I’ve really been brainstorming lately how things could go in the next few years. It’s hard because we are very close. Someone mentioned how you want your finances and physical in a certain way. So, I need to get that going. But I really don’t think the birth control I’m on helps with dieting. Plus I can’t go insanely and drop like 20 pounds, I was just fitted for a wedding next year! Let’s hope I stay the same!

Have you seen the Pre-TTC thread? I think you’d fit right in, we’re all suffering from baby fever but waiting to TTC for various reasons…

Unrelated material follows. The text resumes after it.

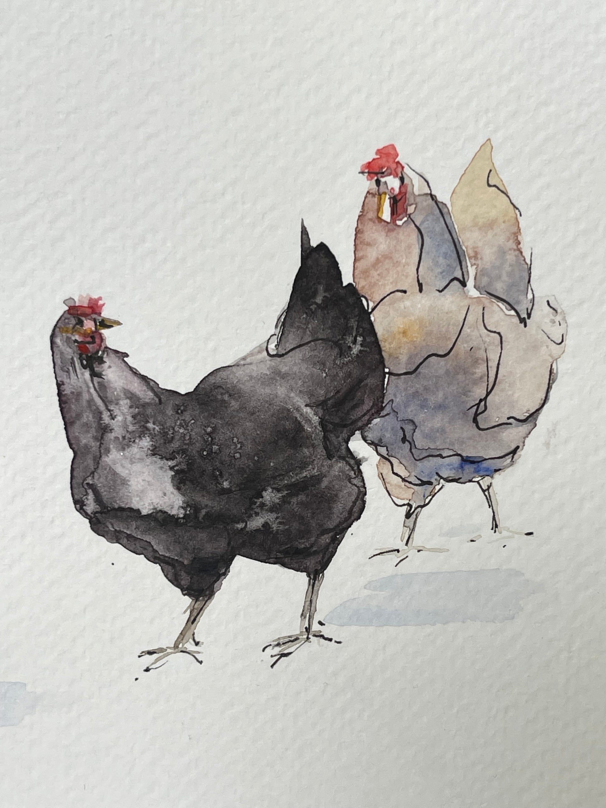 Chickens on Stage – Small Watercolour & Ink Originals Size: 5.5 × 7 inches.

I have no advice for dealing with it… I am getting more and more baby crazy every day! I think a lot of the advice here is good! We got a dog, but I think that had more to do with wanting a dog than getting a dog to substitute for a baby, if that makes sense. Sounds like you already have a few pets to take care of, but I know for us it’s been helpful as a step up to taking care of something as needy as a baby. I think a lot of the times when I’m feeling especially baby crazy, I’m thinking about having a new baby to snuggle and do all the fun things with, I’m not taking into account all the work! I think it’s annoying that my dog wakes up and goes outside and barks at nothing in the night? Babies wake up LOTS. And CRY. And when my baby wakes up, I’ll have to get up and change him/her or feed or something that will probably take lots longer than making my dog come back inside. Same goes for poop scooping, cleaning, grocery shopping, feeding, travelling, and the other things that have changed since getting a dog. I’m in no way saying they’re the same thing, but I do think it’s been helpful for us, and for helping me to think about ALL the things that having a baby will bring. I’m still so excited for it, but it helps me to feel better about waiting for the time that we are.